▸ To do
Retype word for word the stretch of entries below from the line that has "- 7 уровней" through the line that has "Reloj de pared", and omit the pictures.

▸ Provided data
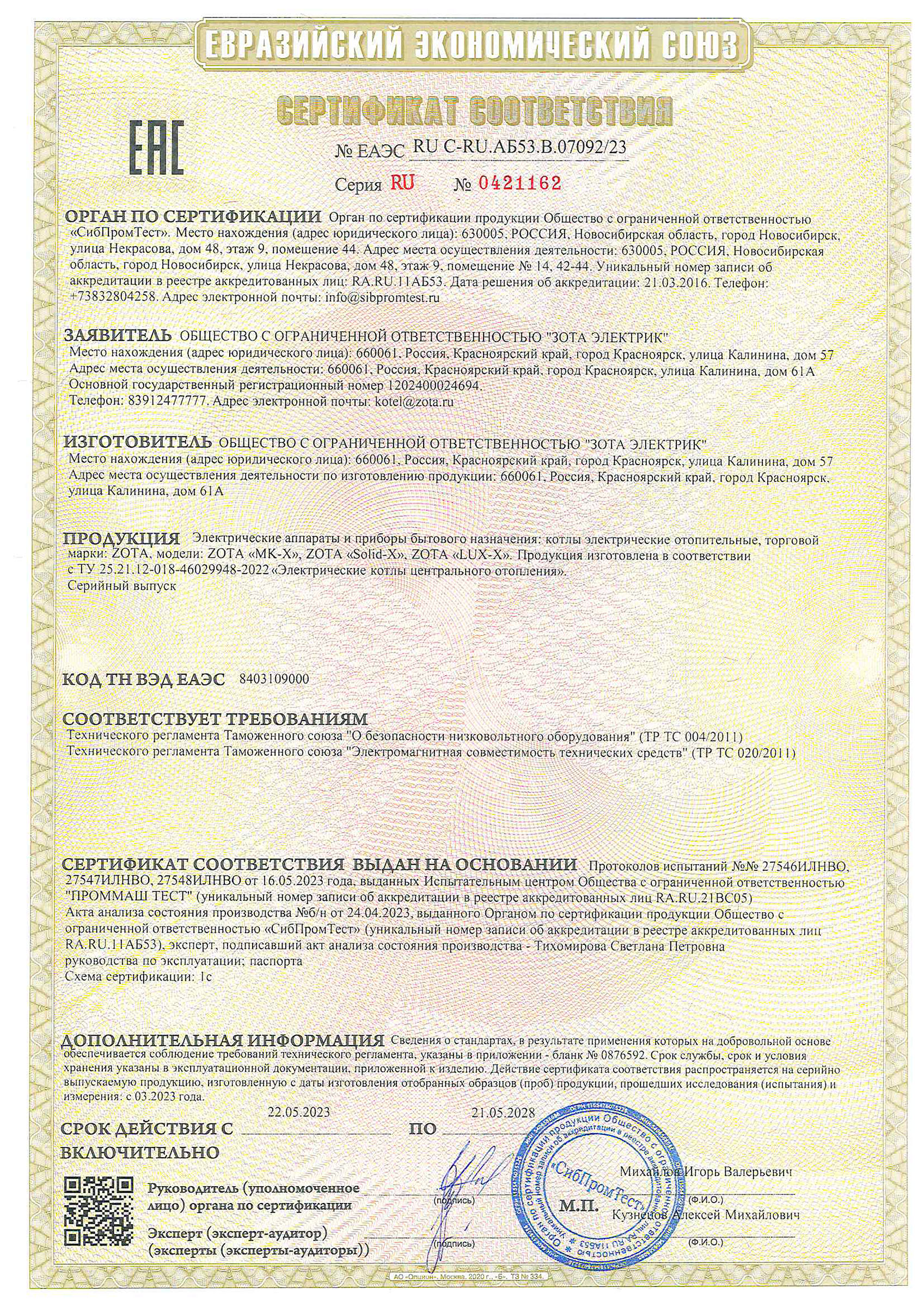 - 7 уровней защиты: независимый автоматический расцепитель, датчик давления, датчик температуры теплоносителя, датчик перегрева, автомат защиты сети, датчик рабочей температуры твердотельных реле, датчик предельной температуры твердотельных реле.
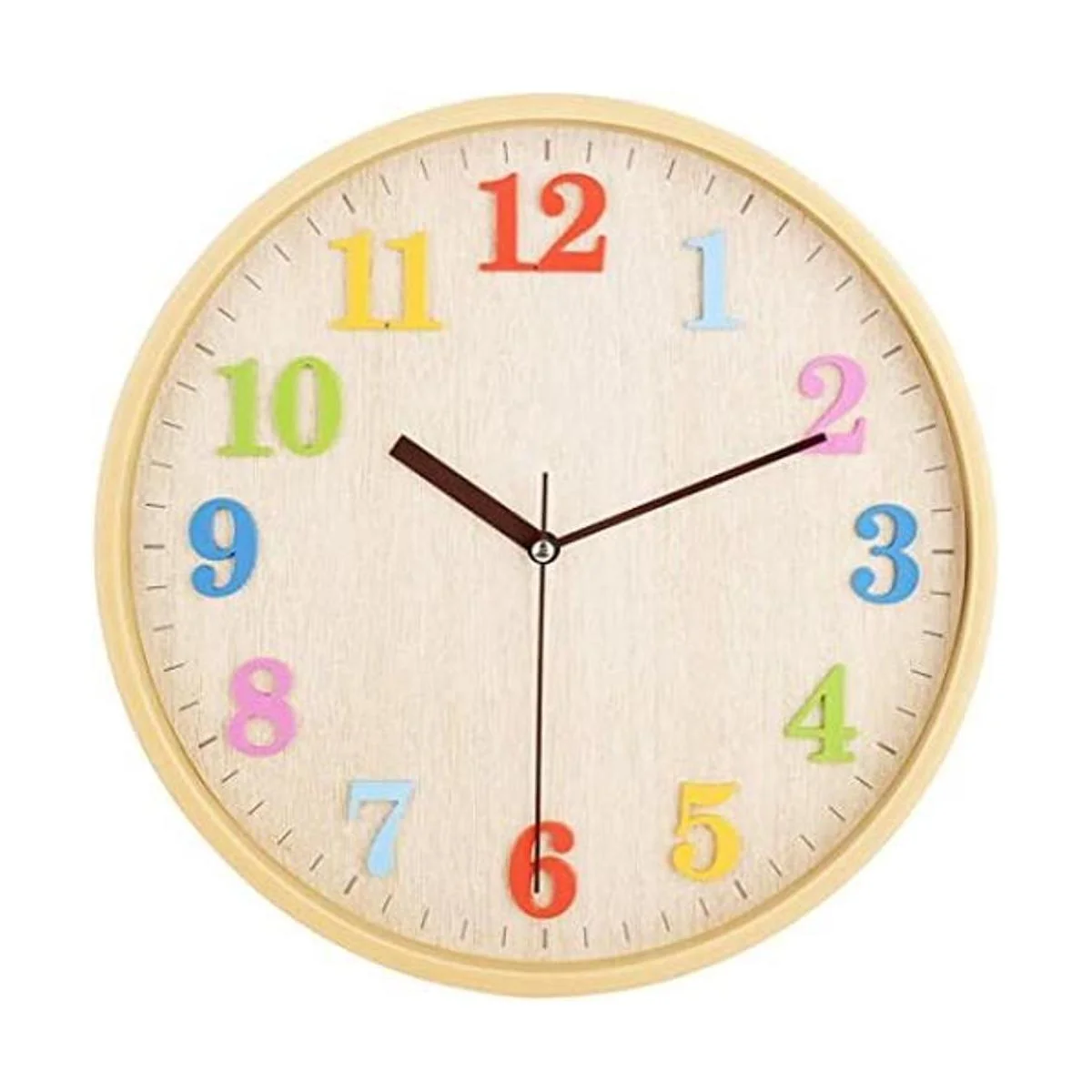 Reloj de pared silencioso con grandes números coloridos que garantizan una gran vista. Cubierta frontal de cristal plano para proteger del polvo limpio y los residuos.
* * *
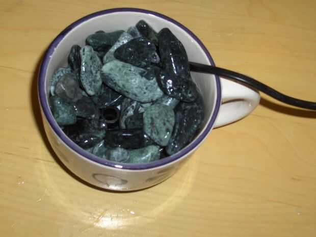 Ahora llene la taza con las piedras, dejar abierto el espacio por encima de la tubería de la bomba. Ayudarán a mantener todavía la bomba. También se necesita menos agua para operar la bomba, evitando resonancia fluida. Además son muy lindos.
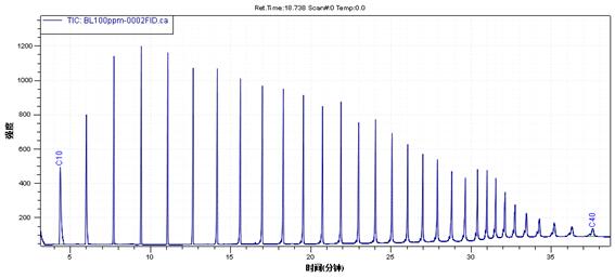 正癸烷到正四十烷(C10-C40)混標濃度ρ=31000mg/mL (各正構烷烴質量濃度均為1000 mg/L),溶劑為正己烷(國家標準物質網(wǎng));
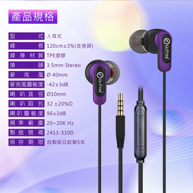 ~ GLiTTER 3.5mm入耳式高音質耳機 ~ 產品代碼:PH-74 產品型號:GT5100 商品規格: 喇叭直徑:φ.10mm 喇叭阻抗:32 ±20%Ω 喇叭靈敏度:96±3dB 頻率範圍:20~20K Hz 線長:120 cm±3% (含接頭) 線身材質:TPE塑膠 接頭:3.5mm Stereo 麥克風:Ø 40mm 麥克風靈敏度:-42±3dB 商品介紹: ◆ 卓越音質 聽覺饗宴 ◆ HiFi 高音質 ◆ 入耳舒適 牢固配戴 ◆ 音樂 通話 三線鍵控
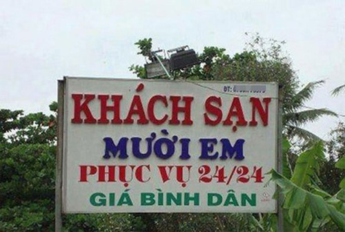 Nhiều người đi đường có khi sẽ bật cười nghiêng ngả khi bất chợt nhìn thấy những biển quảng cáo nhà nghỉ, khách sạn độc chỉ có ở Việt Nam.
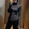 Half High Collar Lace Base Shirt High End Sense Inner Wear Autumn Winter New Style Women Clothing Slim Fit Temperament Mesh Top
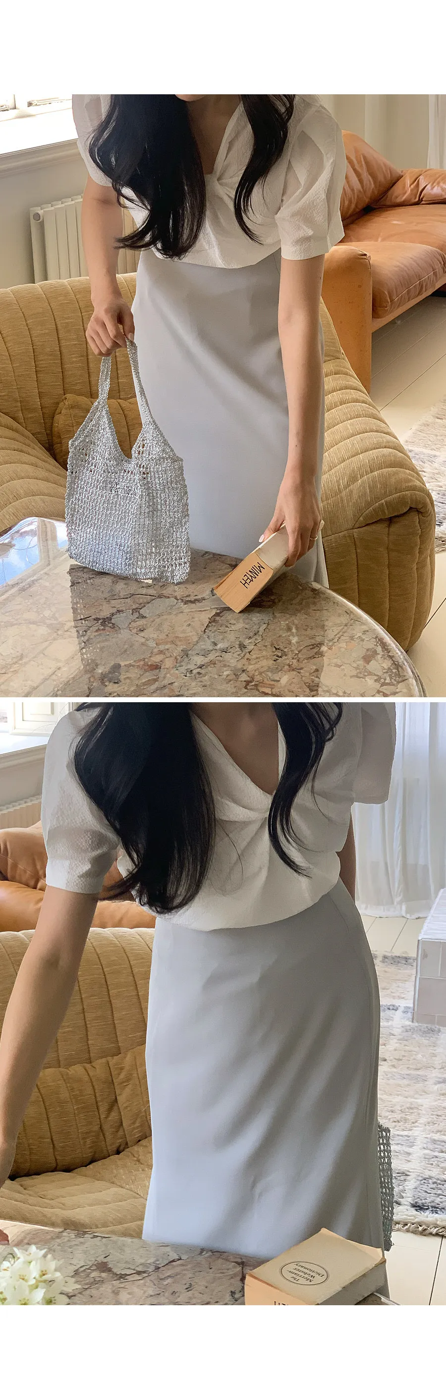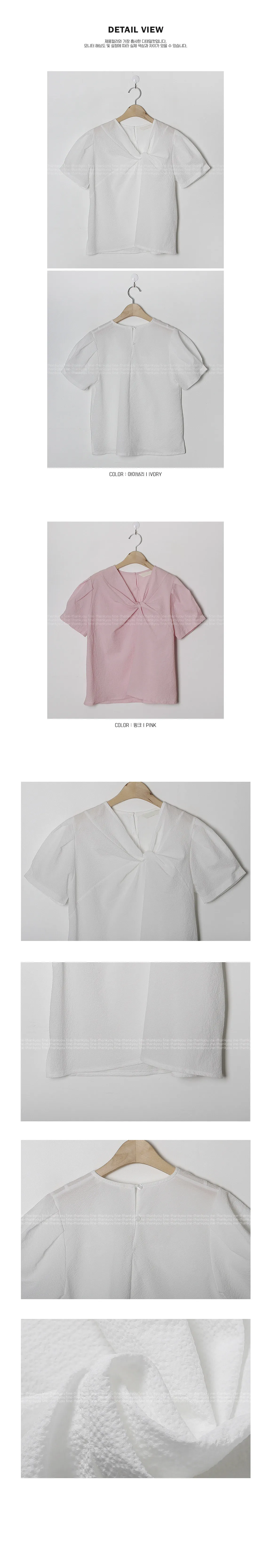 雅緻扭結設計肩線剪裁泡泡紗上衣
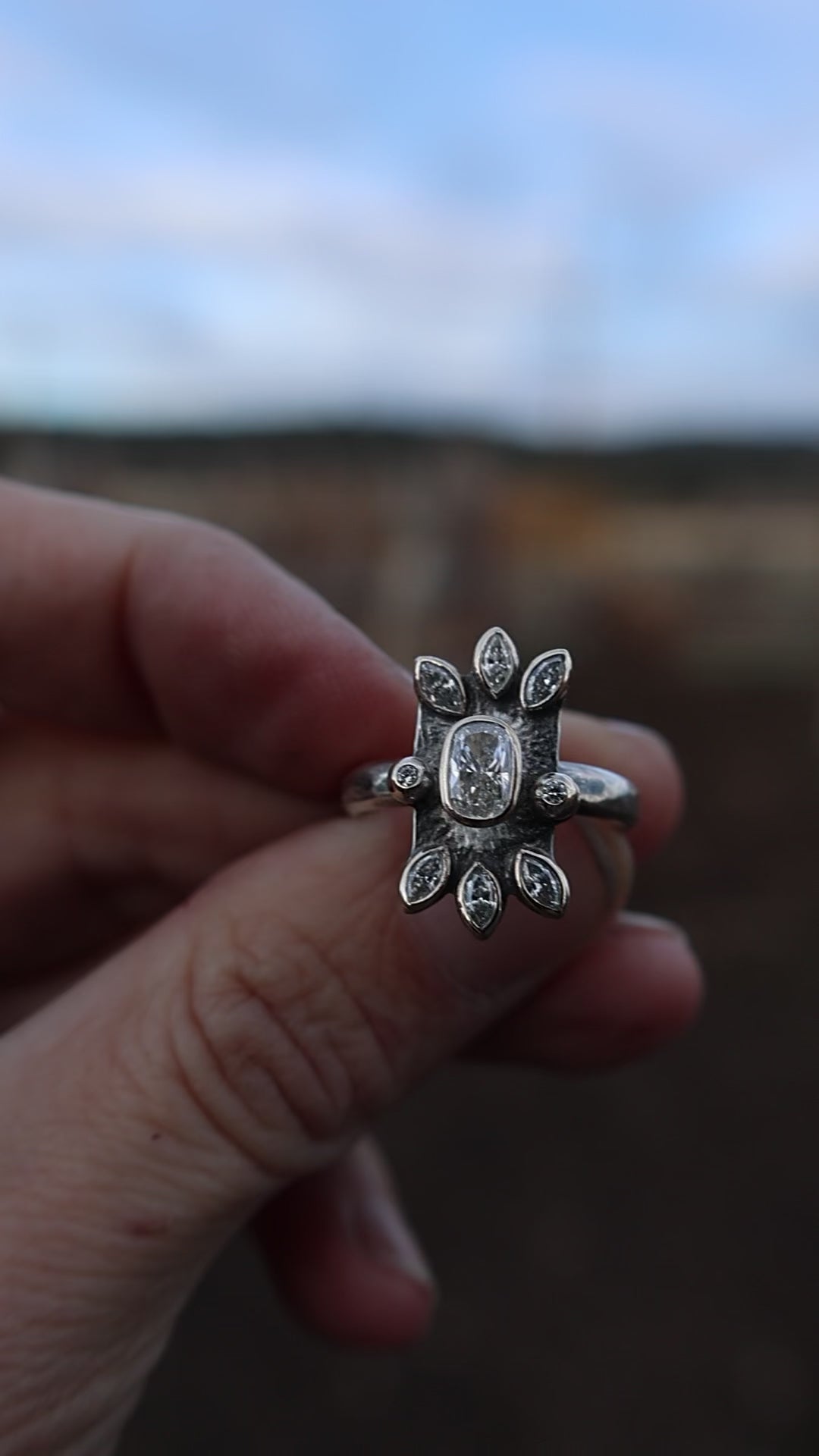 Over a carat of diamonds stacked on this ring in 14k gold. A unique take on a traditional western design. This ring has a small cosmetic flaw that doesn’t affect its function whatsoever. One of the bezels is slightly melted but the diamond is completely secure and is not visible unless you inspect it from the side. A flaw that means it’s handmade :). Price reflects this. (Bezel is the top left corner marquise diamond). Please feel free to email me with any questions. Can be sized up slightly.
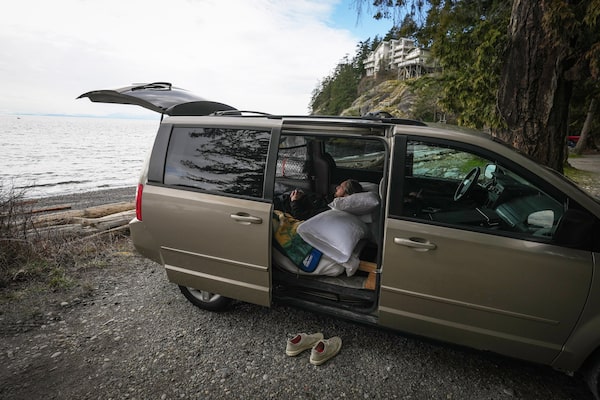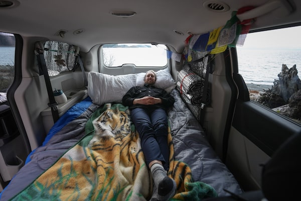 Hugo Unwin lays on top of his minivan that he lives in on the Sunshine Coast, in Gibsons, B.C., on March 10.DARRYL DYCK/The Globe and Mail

▸ Your solution
 - 7 уровней защиты: независимый автоматический расцепитель, датчик давления, датчик температуры теплоносителя, датчик перегрева, автомат защиты сети, датчик рабочей температуры твердотельных реле, датчик предельной температуры твердотельных реле.
 Reloj de pared silencioso con grandes números coloridos que garantizan una gran vista. Cubierta frontal de cristal plano para proteger del polvo limpio y los residuos.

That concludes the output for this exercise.